The dynamics could be summed up as follows: Turkey gets a limited benefit (Syria — the Kurds) and provides Russia with important geostrategic breakthroughs, while leaving NATO the main loser from such Turkish-Russian rapprochement.

As is clear from Iran’s media, there is a sense of alarm over Russia-Turkey rapprochement in Iran. Iran’s plan to maintain a land bridge from its territories through Iraq and Syria to south Lebanon and the East Mediterranean shores implies a zero-sum game in Syria — that is to say, putting that country firmly under Assad’s control and cleaning all the road, from Anbar to Latakia, of any armed Sunni presence.

Russia sees this Iranian plan as a potential source of indirect threat. For if Iran continues its killing spree against Sunnis in Iraq and Syria and places their territories under its control, this will beget a rise in sectarianism region-wide. Sectarianism creates religious radicalism and ultimately exacerbates Russia’s pains with Muslims inside its borders in or in its periphery.

Turkey, at one earlier point, harbored a zero-sum game as well, albeit in exactly the opposite direction of Tehran’s. However, Ankara was convinced, particularly after Russia’s military intervention in Syria in fall 2015, that it will be very risky for its own national interests to carry on seeking this difficult end.

Naturally, Russia does not look at the conflict in Syria, or at the different strategies of its “friends” in Tehran and now in Ankara, through those opposite zero-sum perspectives. Its only lens is how to gain as much as possible from its Syrian field operation in terms of its own security and geopolitical agendas. Ankara was compelled to drop its zero-sum plans in Syria. Now, it’s Iran’s turn.

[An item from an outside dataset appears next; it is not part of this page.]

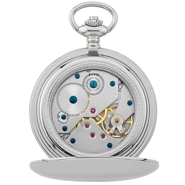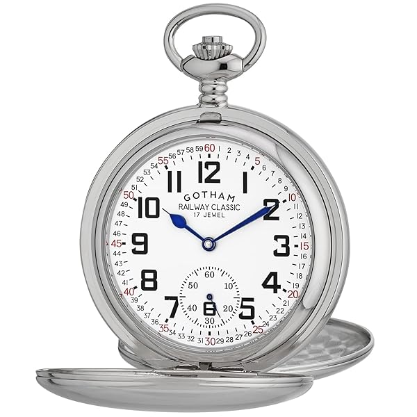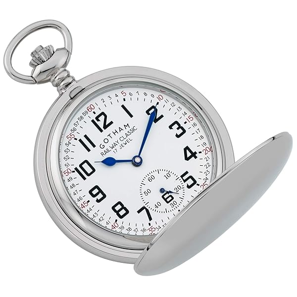 - Gotham Men's Silver-Tone Railroad Dial Double Hunter 17 Jewel Mechanical Pocket Watch # GWC18806S offers reliable performance and quality- Deluxe 54 millimeter(2.13 inch) diameter double hunter chrome plated brass pocket watch suitable for engraving- Precision 17 jewel small seconds hand mechanical hand wind movement- White ceramic railroad style dial with classic blue cobalt hands

Iran will have, therefore, to think of ways to keep its objective alive. Logically, Tehran will try to make some friendly gestures to the West to pressure Moscow. Some in the West will fall victim, as usual, to the new Iranian seduction game. But ultimately, the West cannot offer the Iranians what the Russians refuse to offer them: the land bridge to the east Mediterranean.

Iran, on the other hand, can consider giving up its imperial aspiration, otherwise called regional expansion to the Mediterranean, at least for the time being, and reluctantly accept the Russian game plan, which includes a structural role for the Turks. But before that happens, Tehran will pull all possible tricks to test the resolve of the Russians and the Turks.

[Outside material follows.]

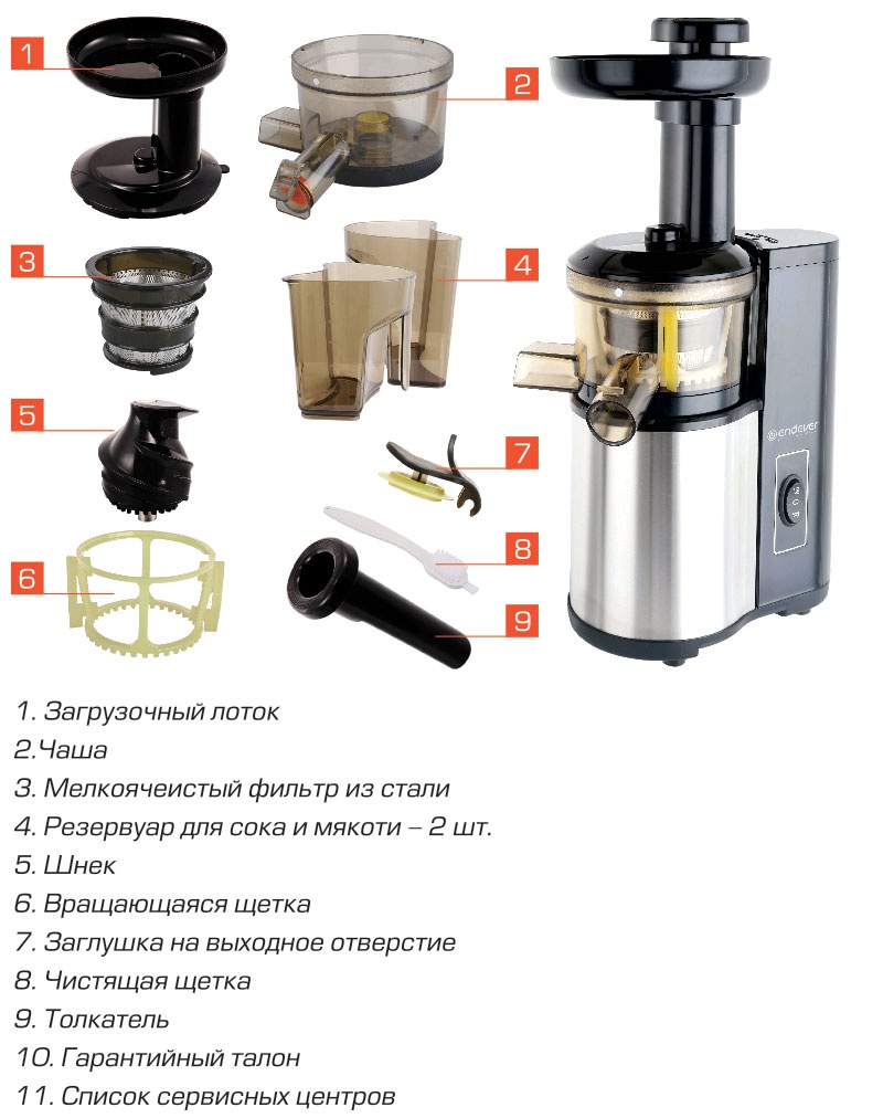 Функциональные особенности шнековых соковыжималок Endever

The bottomline is that Tehran cannot carry the burden of what the Russians are doing in Syria. The Iranians know that without the Russian military role in Syria, the chain of defeat will continue, which was reality before Putin rushed to help. Russia started yet another symbolic withdrawal of some military units to remind all that it can pull out all its forces with short notice. Obviously, it will not do that. But refreshing the memory is needed sometimes.

And this leads us directly to Syria. The Iranian game is to get Assad and its own militias to torpedo the Russian-Turkish deal. As it appears at the moment of writing this report, Tehran is indeed gaining traction in this regard. It also has Assad tilting to its position, as he fears that Moscow will sacrifice him on the alter of Erdogan and under the temptation of gaining Syria and Turkey with one stone.

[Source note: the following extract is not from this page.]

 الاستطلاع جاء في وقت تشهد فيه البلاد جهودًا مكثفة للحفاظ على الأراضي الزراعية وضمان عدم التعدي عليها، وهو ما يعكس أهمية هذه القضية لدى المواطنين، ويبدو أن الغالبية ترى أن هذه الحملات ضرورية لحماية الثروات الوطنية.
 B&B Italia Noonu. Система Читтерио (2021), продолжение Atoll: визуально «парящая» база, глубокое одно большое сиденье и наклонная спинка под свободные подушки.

Violations of the ceasefire by Assad and Shia forces are a daily occurrence. Assassinations of opposition leaders are also the norm. Recently, a group of Hezbollah refused to allow Russian soldiers access to the site they control. A Hezbollah member acknowledged, in video that went viral on social media, that the Russians and the Shia militias “now control all of Syria” and that Assad forces have no say on the ground.

Therefore, it is not likely now that Moscow will rush the battle of Idlib. The Russians seek to remain needed until they finish the bulk of their regional maneuver. However, Assad, Iran and Hezbollah may try on their own to attack the one remaining stronghold of the opposition in Idlib.

The best possible scenario for the Iranians is to keep the Russians in Syria but only within the boundaries of the Iranian strategy. Those who know Putin well understand that this is virtually impossible. In the end, the Iranians will have to go along with Moscow-Ankara deal, but never before doing whatever it takes to torpedo it.